Negative Rheumatoid Factor Test

smarty · 2012-05-26T16:36+00:00

Hi all still waiting to hear back from my doctor what to do next after getting my negative Rheumatoid Factor result. He did ring on Friday but was going to speak to another doctor at surgery who knows more about arthritis. He is going to ring me Monday. Still feel I have rheumatoid as have deformities on both little fingers. They looked bent on the second joint down before the knuckle where RA can develop. I know I also have osteoarthritis as I have some swellings on my wedding finger on first finger called Hebeden nodes. I do hope they will refer me to see a rheumatologist as I have arthritis in lots of joints. Can anyone tell me if they have been through the same and how long it was before you saw a Rheumatologist. Thanks and take care all!
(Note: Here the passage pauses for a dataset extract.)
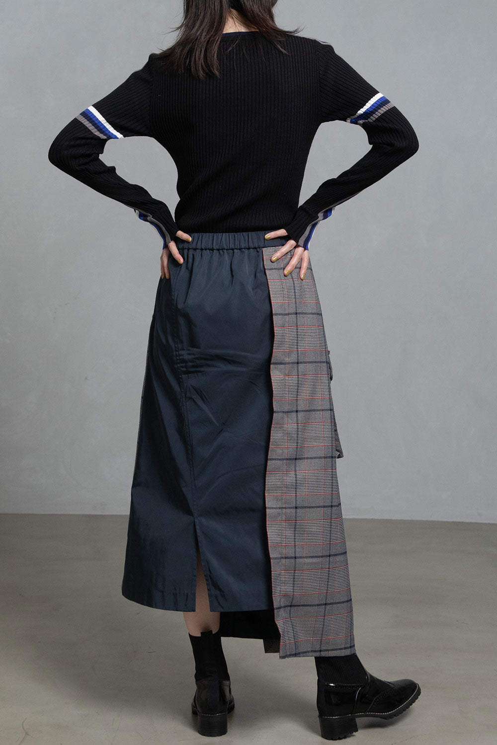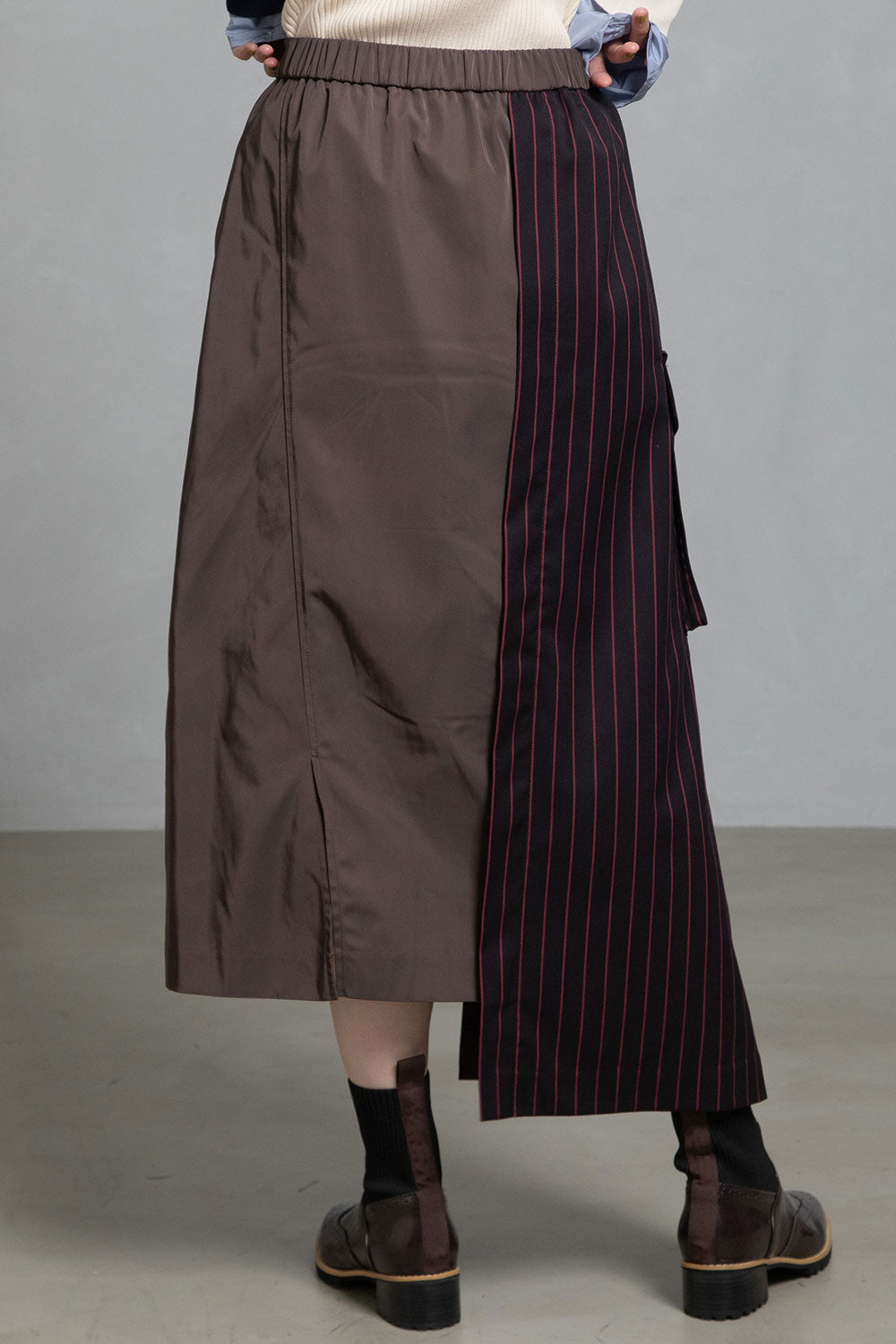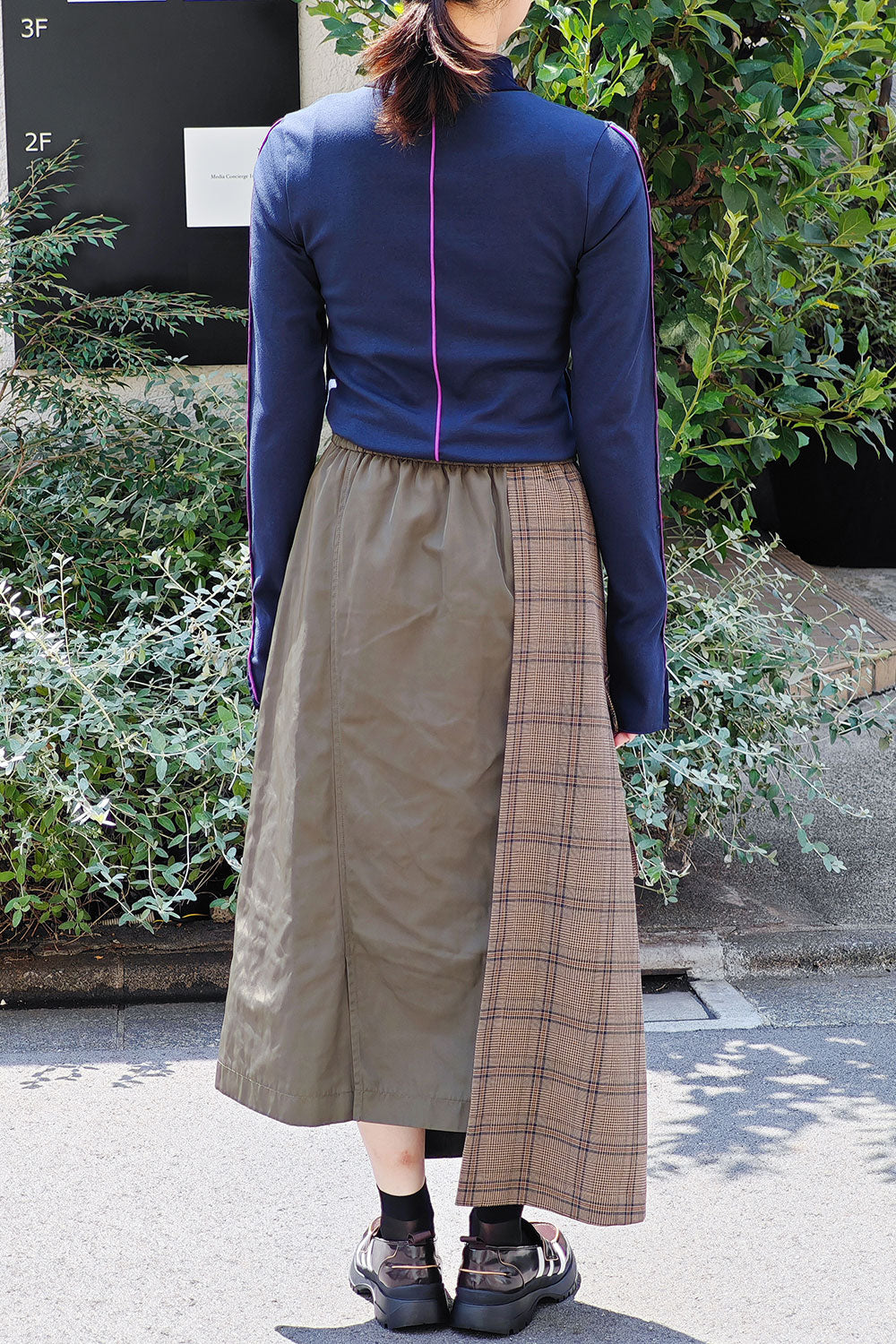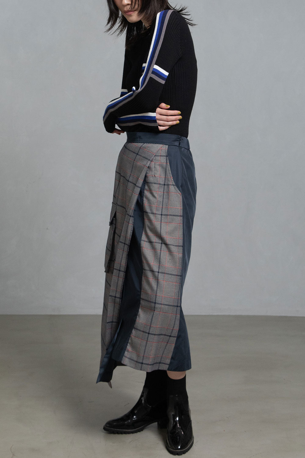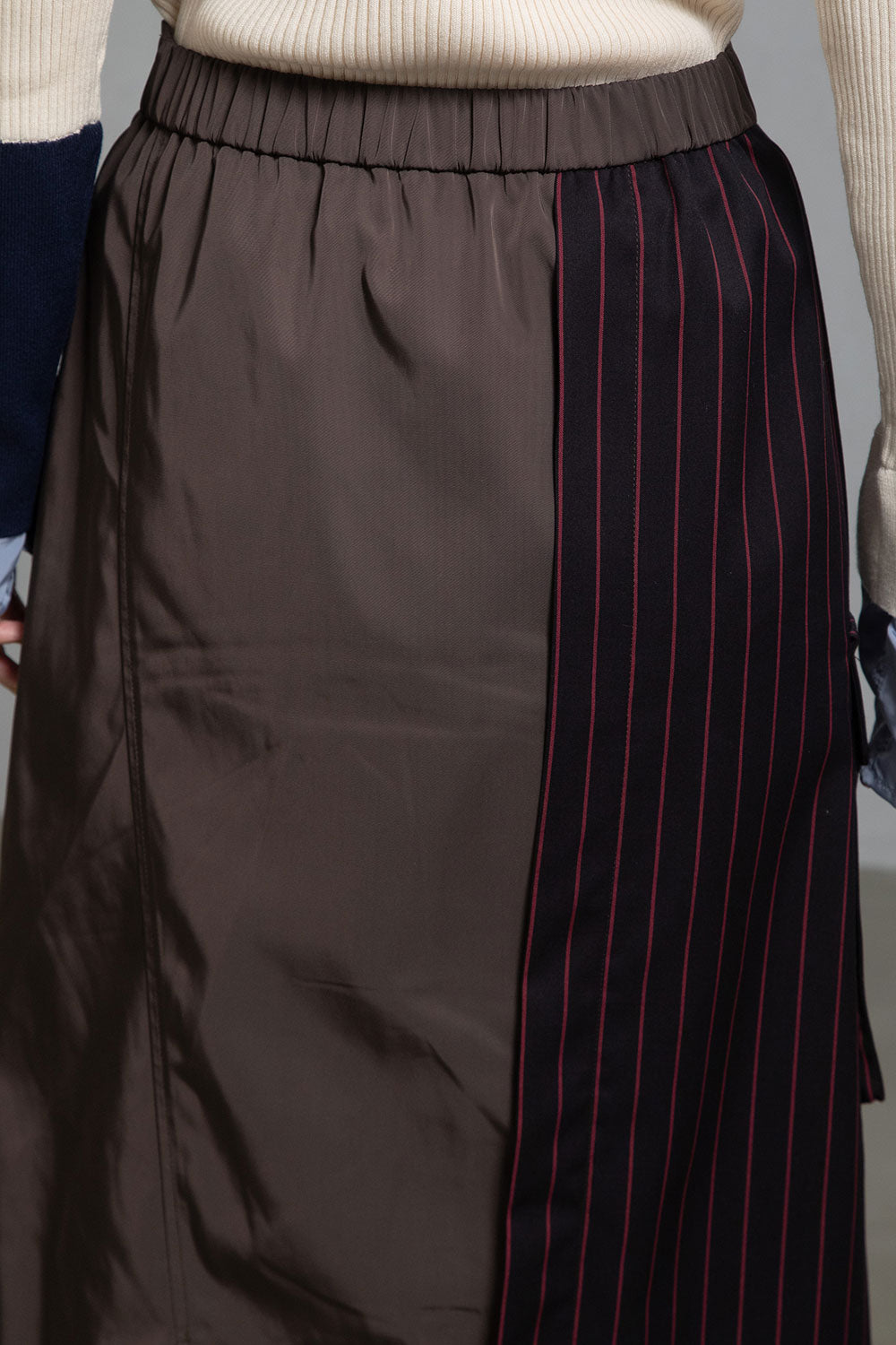 ツイル×ストライプ / チェックのコンビネーションデザインスカート
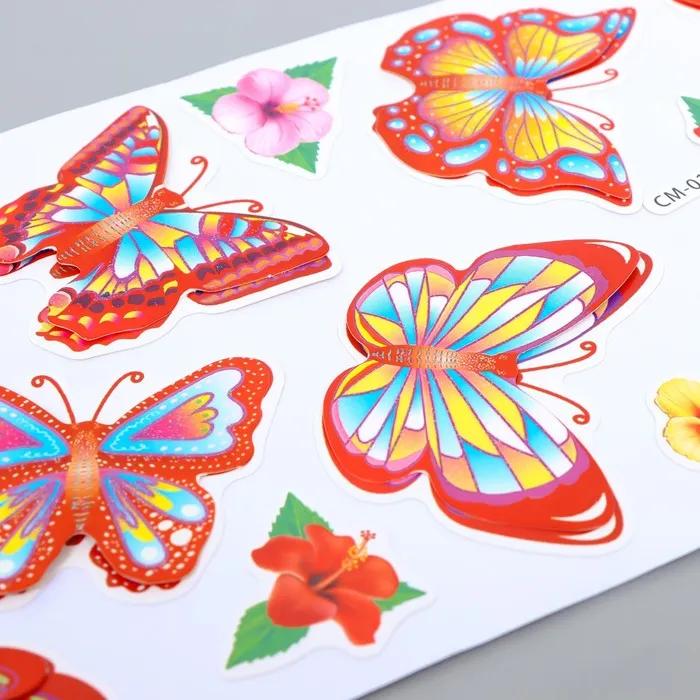 Наклейка бумага интерьерная "Бабочки и цветы" с глиттером 33х14,5 см — Характеристики

lancelot13 · 2012-05-31T17:50+00:00

Hi smarty, if you haven't already, suggest you contact "Arthritis Care". Fantastic source of information &

support for all types of Arthritis. You won't get treated with disbelief, sceptisism or be patronised over your

concerns.

Best of luck,

Lizzie.

smarty · 2012-05-31T18:07+00:00

Thanks Lizzie will have a look at Arthritis Care site. Went to see gp today and had a fight on my hands. Was not going to refer me at all. Said it was OA and Fibro causing me pain. Even though I have swelling in both ankles, knees etc one of the signs of Rheumatoid Arthritis. It could be that it isn't Rheumatoid but I wanted the referral to rule it out. Did get him to refer me in the end when I said I couldn't carry on with only four hours sleep and pain and nearly in tears. Got to be one of the worst drs appointments I have ever had apart from one other doctor who I had to complain about. Who didn't take me seriously and wrote in my notes I have an obsession with my joints. Now have to wait to see rheumatologist.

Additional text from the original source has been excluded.